_EXERCISE REQUIREMENTS_. Using the entries that follow, write out the line containing "Fametro seleciona para", the line containing "- MODERN RUSTIC", and every line between them, exactly and nothing else.

_SUPPLIED DATA_.

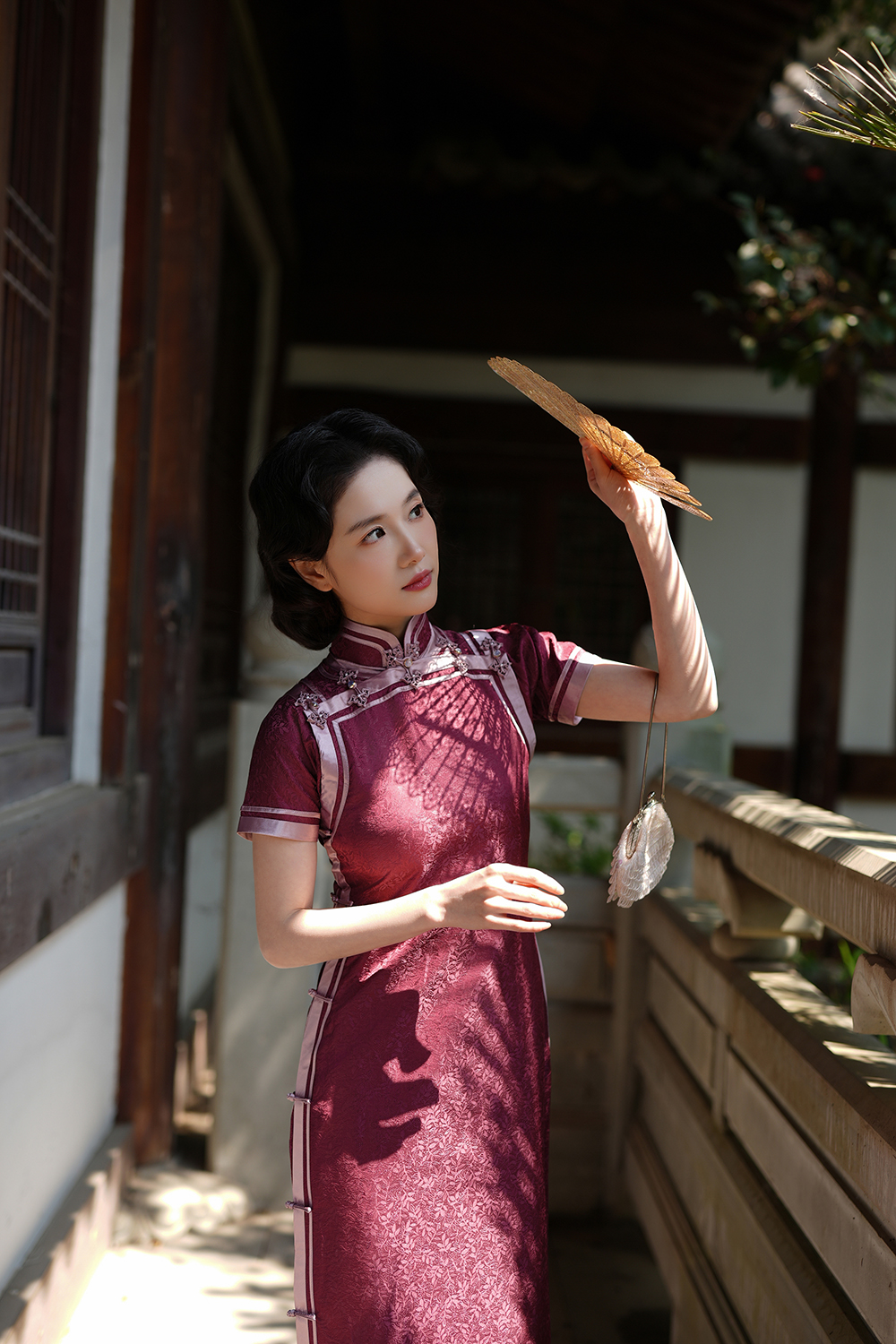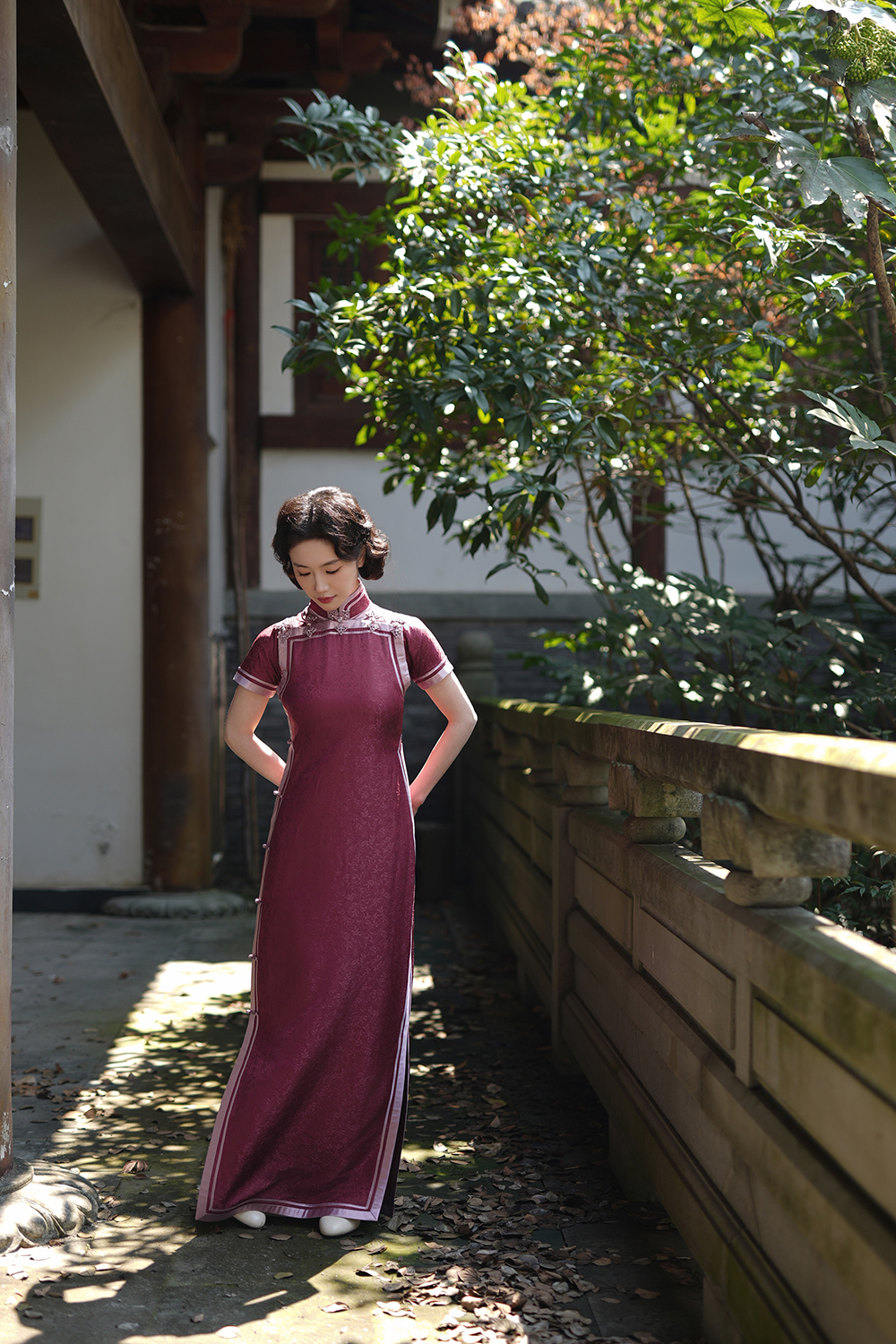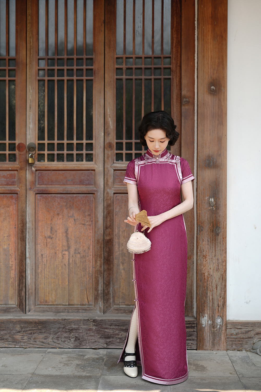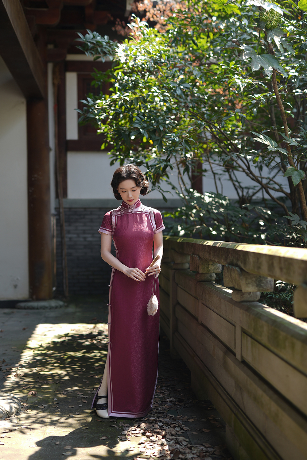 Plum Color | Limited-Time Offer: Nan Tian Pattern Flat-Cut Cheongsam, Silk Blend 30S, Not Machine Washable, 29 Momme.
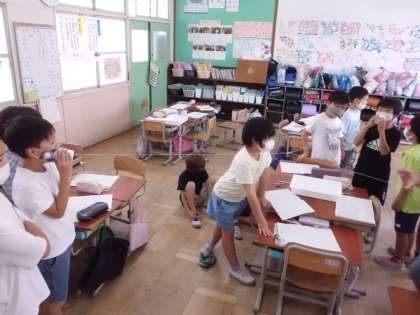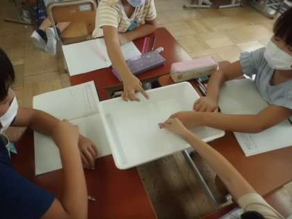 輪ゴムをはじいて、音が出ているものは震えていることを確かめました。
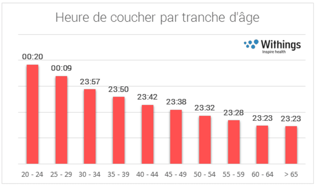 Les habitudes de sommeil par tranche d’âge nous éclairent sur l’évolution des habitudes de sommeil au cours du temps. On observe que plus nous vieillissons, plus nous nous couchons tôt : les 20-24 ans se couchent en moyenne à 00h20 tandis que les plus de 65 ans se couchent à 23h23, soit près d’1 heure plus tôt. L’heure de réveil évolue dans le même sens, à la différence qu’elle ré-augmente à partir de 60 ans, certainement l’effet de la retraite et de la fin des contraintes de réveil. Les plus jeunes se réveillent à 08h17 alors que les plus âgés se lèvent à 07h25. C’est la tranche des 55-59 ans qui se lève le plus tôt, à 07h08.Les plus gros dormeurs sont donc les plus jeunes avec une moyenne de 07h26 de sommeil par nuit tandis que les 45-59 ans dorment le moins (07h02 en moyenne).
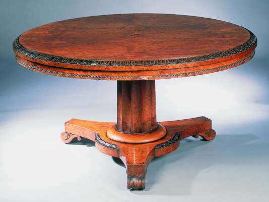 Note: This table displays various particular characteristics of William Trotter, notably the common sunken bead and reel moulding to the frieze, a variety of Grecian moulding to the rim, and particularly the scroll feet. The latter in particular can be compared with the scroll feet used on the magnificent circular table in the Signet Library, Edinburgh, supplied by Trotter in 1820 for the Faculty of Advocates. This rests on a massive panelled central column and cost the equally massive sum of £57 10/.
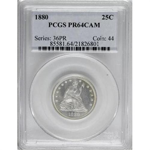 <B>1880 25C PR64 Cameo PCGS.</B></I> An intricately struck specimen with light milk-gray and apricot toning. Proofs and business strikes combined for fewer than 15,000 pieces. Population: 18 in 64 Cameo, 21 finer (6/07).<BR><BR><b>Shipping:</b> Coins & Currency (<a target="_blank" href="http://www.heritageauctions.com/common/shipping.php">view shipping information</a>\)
* * *
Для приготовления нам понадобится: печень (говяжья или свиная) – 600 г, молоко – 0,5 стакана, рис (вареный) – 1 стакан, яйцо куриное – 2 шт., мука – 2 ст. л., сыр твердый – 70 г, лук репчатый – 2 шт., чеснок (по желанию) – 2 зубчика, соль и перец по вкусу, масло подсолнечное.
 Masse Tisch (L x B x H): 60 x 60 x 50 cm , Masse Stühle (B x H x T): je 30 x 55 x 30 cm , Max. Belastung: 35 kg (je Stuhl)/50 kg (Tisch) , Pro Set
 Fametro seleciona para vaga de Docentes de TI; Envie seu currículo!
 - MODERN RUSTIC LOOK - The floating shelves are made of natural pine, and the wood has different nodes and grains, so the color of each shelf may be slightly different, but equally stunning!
...
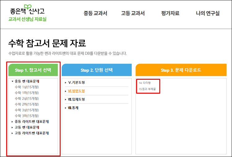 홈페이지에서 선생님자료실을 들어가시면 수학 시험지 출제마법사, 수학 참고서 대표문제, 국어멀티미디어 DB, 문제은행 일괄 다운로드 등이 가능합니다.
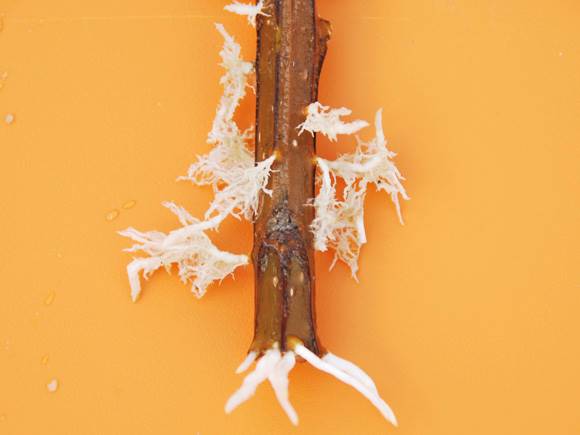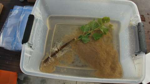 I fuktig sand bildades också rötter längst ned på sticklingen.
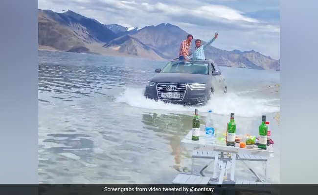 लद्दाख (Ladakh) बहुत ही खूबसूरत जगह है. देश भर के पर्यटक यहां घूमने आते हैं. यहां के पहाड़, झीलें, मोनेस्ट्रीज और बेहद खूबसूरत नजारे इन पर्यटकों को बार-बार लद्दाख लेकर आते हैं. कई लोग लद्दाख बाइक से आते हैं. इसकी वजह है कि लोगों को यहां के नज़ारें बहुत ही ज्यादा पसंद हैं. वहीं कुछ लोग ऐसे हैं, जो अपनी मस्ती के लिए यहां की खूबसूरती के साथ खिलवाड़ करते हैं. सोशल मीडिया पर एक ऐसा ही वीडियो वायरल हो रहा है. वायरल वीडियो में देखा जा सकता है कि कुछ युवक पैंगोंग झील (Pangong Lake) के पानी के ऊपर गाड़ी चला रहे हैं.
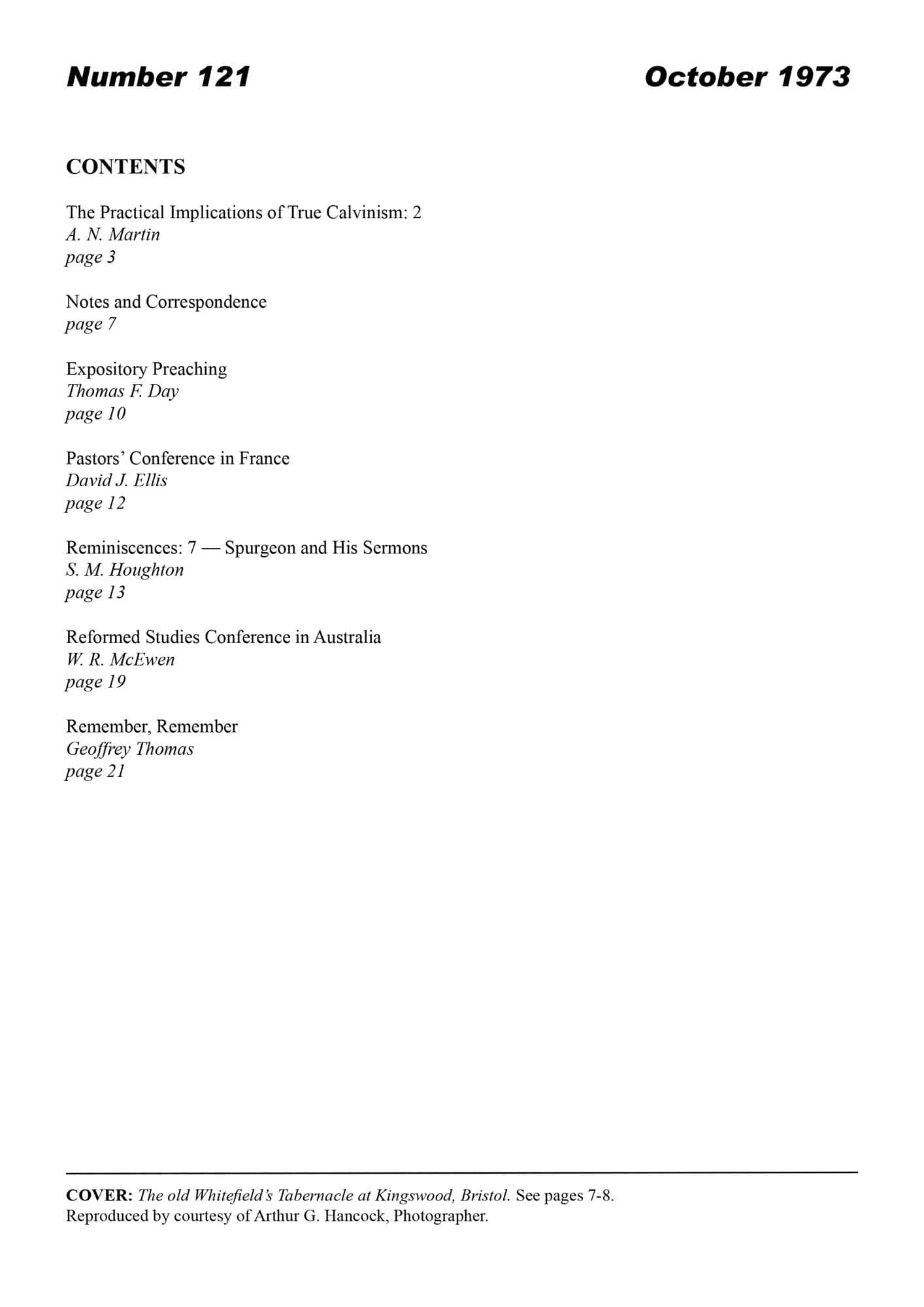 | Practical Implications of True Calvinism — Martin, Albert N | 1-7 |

_RESULT_.
 Fametro seleciona para vaga de Docentes de TI; Envie seu currículo!
 - MODERN RUSTIC LOOK - The floating shelves are made of natural pine, and the wood has different nodes and grains, so the color of each shelf may be slightly different, but equally stunning!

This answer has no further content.